| Data to process |

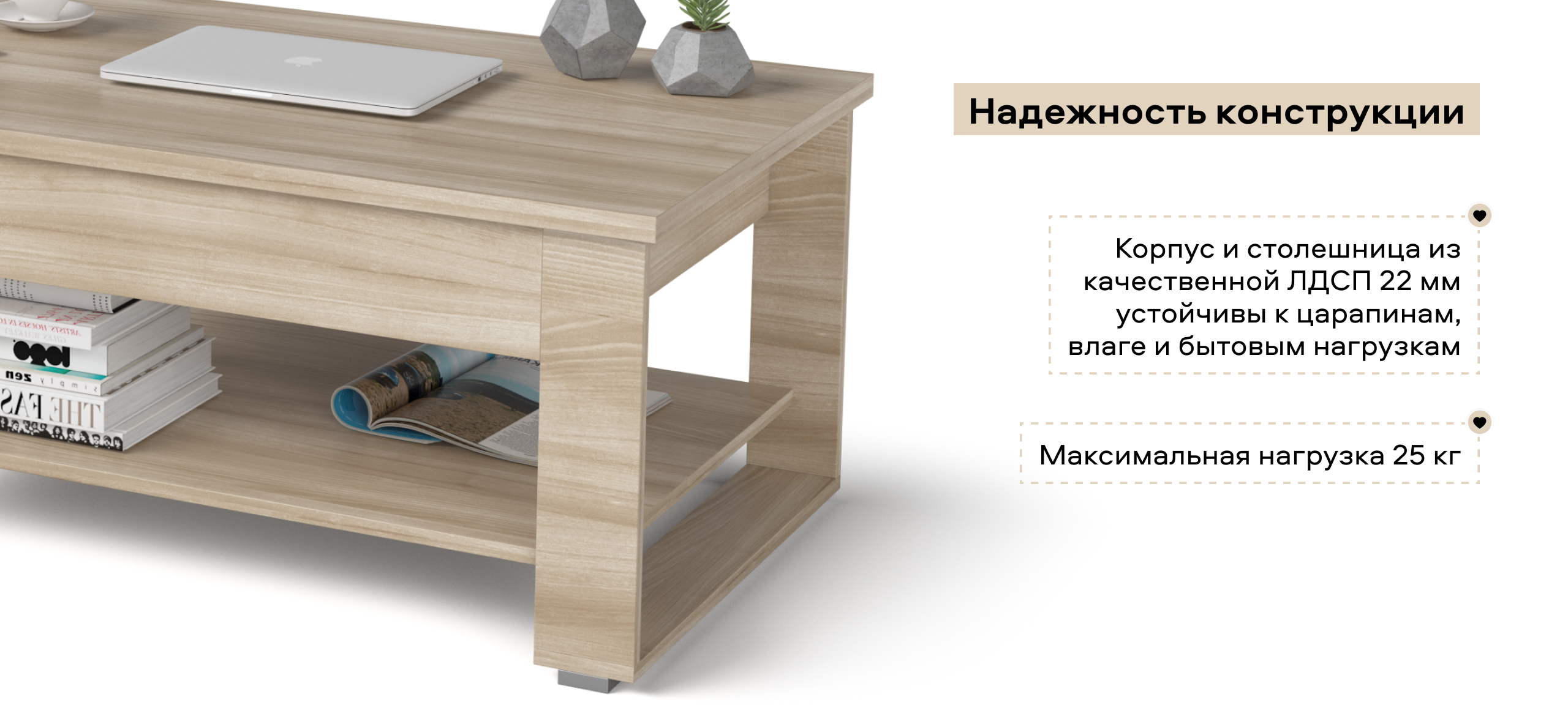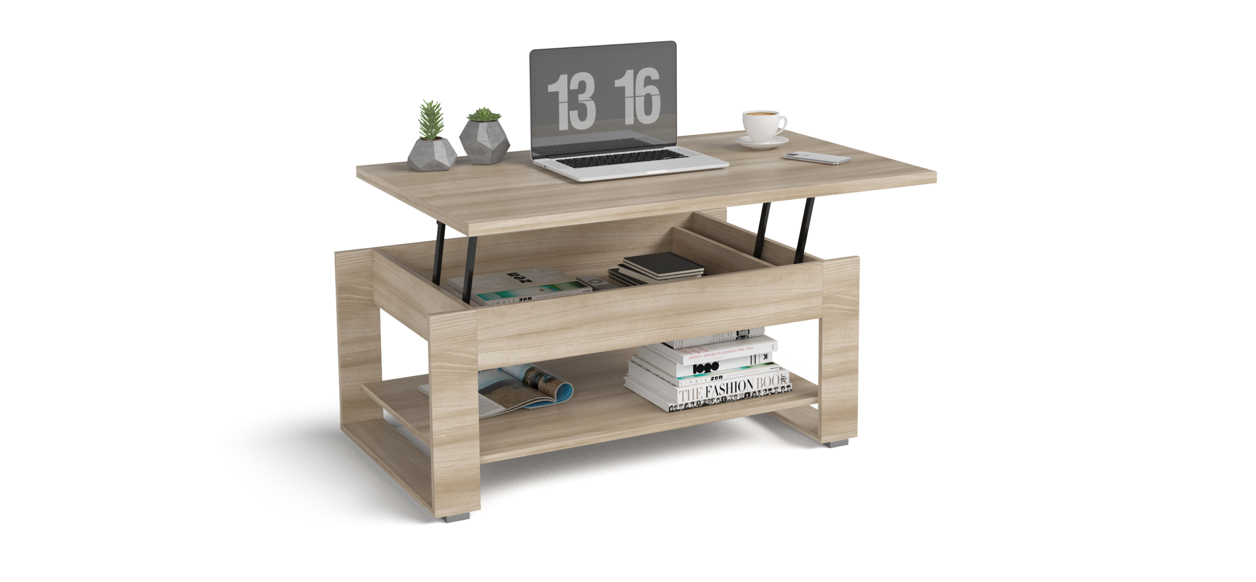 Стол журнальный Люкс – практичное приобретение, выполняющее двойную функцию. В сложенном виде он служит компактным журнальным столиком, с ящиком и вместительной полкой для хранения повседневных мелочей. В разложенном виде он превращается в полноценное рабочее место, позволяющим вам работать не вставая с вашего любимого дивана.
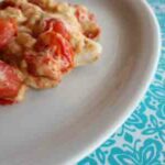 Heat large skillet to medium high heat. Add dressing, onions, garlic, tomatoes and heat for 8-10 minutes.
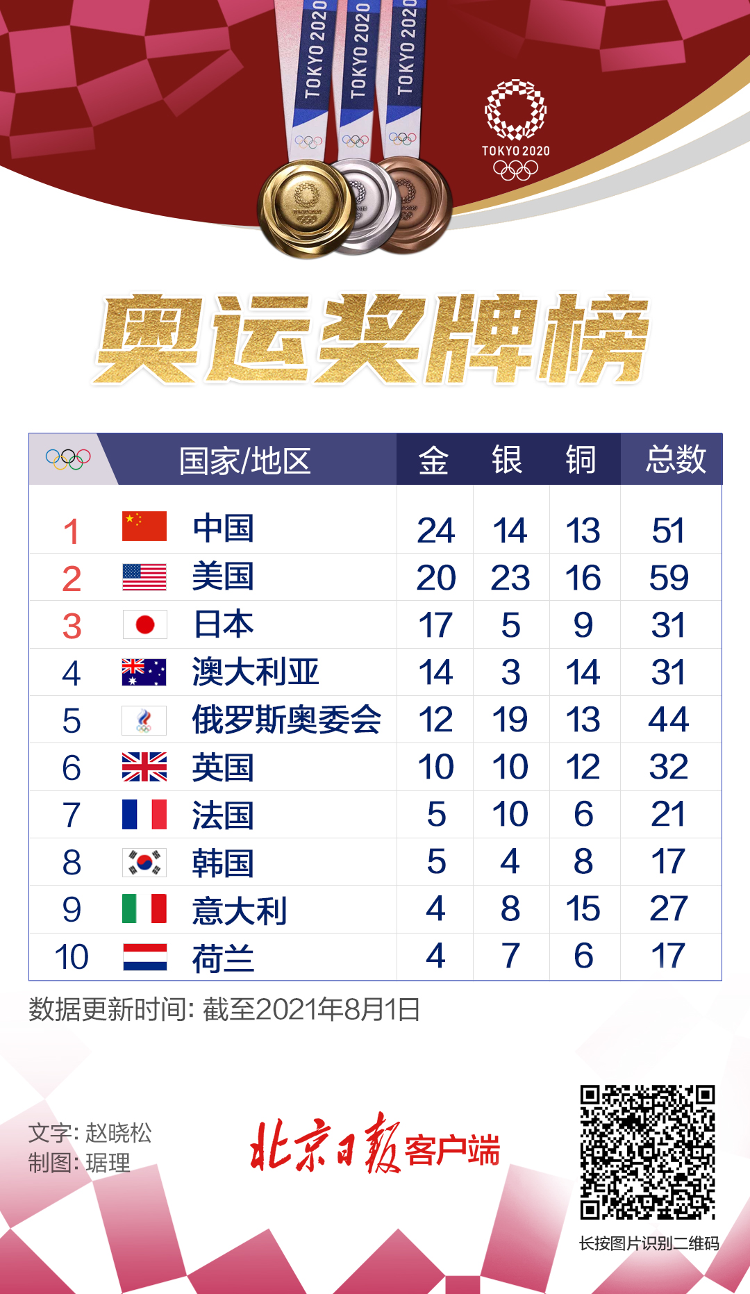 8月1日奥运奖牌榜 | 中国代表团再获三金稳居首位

--

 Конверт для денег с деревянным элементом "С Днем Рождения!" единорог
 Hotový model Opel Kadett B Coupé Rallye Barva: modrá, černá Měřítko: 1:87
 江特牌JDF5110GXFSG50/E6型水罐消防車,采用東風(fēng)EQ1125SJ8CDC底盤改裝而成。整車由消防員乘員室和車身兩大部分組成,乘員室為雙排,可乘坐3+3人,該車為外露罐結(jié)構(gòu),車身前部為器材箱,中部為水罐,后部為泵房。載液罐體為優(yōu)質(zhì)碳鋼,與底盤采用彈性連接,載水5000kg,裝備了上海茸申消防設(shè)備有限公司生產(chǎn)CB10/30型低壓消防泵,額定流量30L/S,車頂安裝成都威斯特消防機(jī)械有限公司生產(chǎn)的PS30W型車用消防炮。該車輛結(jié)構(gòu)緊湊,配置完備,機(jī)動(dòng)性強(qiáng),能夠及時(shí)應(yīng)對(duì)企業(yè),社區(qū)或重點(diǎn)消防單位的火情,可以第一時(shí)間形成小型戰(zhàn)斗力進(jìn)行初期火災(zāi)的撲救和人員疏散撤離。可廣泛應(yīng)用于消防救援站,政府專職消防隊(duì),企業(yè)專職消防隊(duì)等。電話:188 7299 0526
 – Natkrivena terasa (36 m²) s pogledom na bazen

==

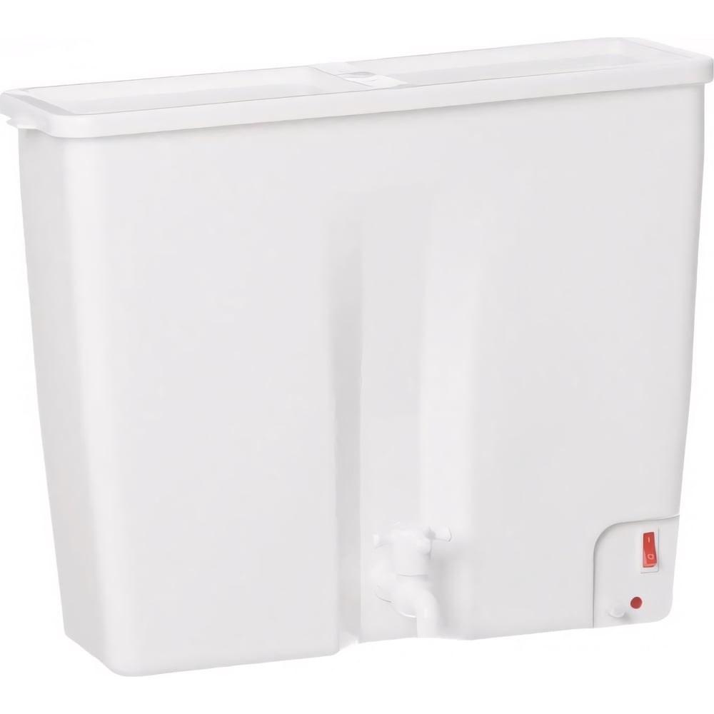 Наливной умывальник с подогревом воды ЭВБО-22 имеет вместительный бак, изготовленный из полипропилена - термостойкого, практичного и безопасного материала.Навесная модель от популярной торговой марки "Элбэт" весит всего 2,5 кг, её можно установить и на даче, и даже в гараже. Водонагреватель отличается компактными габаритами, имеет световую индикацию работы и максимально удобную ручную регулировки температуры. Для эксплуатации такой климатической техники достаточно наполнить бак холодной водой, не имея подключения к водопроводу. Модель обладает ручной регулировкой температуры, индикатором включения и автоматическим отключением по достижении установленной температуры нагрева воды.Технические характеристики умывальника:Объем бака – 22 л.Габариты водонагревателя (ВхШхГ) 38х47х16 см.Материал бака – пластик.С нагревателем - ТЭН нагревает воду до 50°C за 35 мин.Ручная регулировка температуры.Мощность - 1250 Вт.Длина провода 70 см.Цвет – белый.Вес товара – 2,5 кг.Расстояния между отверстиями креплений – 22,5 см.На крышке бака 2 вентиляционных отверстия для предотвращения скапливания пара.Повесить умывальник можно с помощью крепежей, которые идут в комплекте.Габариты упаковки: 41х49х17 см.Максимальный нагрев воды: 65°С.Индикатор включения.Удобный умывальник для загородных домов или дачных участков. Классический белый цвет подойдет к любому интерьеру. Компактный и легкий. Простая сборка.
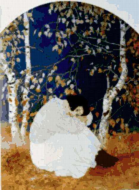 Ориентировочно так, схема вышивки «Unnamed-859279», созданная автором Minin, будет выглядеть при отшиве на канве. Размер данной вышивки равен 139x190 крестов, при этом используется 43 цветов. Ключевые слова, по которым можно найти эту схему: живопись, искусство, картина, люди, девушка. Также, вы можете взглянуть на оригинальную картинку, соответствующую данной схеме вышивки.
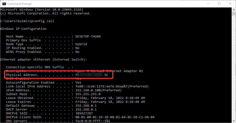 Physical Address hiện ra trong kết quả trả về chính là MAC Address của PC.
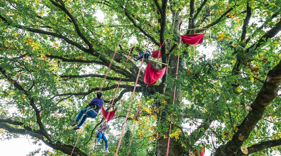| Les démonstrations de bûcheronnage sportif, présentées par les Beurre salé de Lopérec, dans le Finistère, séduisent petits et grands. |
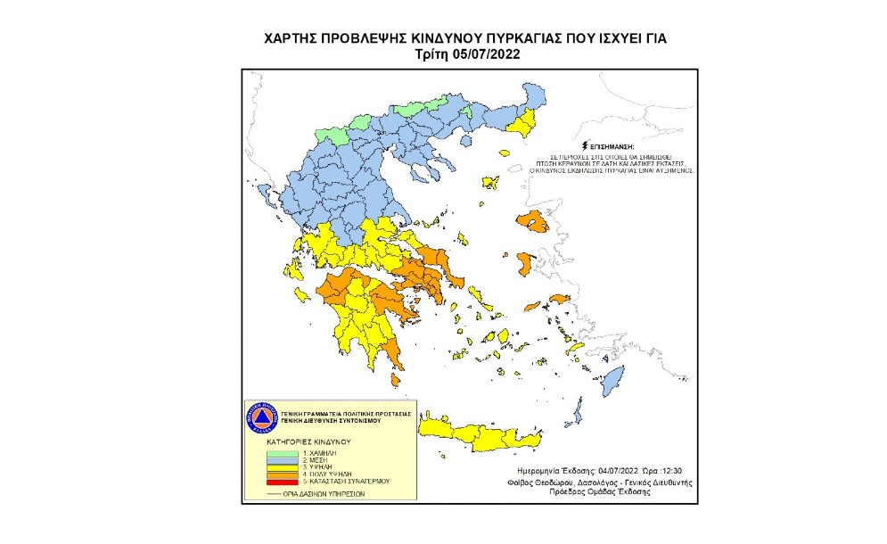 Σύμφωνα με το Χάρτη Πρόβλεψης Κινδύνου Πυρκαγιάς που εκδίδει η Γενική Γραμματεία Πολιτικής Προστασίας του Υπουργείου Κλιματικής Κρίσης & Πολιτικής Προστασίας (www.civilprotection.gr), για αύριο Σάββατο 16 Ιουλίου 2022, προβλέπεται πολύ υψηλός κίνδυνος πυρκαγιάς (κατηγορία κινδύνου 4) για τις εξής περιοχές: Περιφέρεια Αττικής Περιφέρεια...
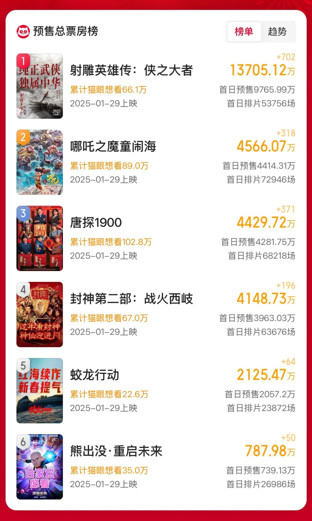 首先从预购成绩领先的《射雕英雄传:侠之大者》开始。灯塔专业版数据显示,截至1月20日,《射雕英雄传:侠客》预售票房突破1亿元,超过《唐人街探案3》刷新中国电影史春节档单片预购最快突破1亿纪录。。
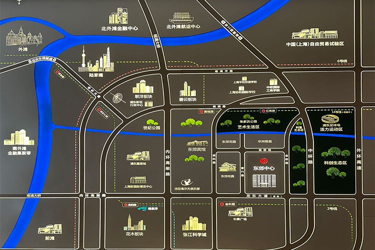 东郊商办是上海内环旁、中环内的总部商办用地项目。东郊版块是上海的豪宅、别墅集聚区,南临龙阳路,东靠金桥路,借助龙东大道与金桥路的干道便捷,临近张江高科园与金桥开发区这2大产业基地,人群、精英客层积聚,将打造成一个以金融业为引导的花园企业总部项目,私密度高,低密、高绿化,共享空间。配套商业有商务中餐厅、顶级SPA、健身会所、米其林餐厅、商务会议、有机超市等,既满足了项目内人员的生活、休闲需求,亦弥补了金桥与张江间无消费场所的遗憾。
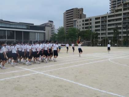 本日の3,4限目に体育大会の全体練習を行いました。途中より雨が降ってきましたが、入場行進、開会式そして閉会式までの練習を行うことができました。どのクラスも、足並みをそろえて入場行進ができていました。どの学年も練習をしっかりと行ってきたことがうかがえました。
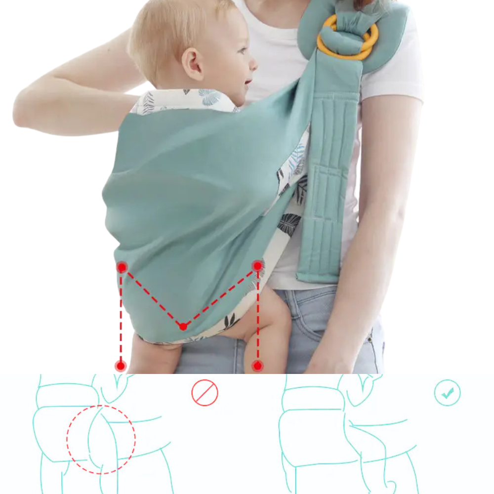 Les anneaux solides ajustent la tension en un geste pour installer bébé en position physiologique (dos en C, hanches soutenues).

| Task description |
With the pictures removed from your copy, retype the lines above from the one that contains "Physical Address hiện" through the one that contains "Les anneaux solides", exactly.

| Reply to the exercise |
 Physical Address hiện ra trong kết quả trả về chính là MAC Address của PC.
| Les démonstrations de bûcheronnage sportif, présentées par les Beurre salé de Lopérec, dans le Finistère, séduisent petits et grands. |
 Σύμφωνα με το Χάρτη Πρόβλεψης Κινδύνου Πυρκαγιάς που εκδίδει η Γενική Γραμματεία Πολιτικής Προστασίας του Υπουργείου Κλιματικής Κρίσης & Πολιτικής Προστασίας (www.civilprotection.gr), για αύριο Σάββατο 16 Ιουλίου 2022, προβλέπεται πολύ υψηλός κίνδυνος πυρκαγιάς (κατηγορία κινδύνου 4) για τις εξής περιοχές: Περιφέρεια Αττικής Περιφέρεια...
 首先从预购成绩领先的《射雕英雄传:侠之大者》开始。灯塔专业版数据显示,截至1月20日,《射雕英雄传:侠客》预售票房突破1亿元,超过《唐人街探案3》刷新中国电影史春节档单片预购最快突破1亿纪录。。
 东郊商办是上海内环旁、中环内的总部商办用地项目。东郊版块是上海的豪宅、别墅集聚区,南临龙阳路,东靠金桥路,借助龙东大道与金桥路的干道便捷,临近张江高科园与金桥开发区这2大产业基地,人群、精英客层积聚,将打造成一个以金融业为引导的花园企业总部项目,私密度高,低密、高绿化,共享空间。配套商业有商务中餐厅、顶级SPA、健身会所、米其林餐厅、商务会议、有机超市等,既满足了项目内人员的生活、休闲需求,亦弥补了金桥与张江间无消费场所的遗憾。
 本日の3,4限目に体育大会の全体練習を行いました。途中より雨が降ってきましたが、入場行進、開会式そして閉会式までの練習を行うことができました。どのクラスも、足並みをそろえて入場行進ができていました。どの学年も練習をしっかりと行ってきたことがうかがえました。
 Les anneaux solides ajustent la tension en un geste pour installer bébé en position physiologique (dos en C, hanches soutenues).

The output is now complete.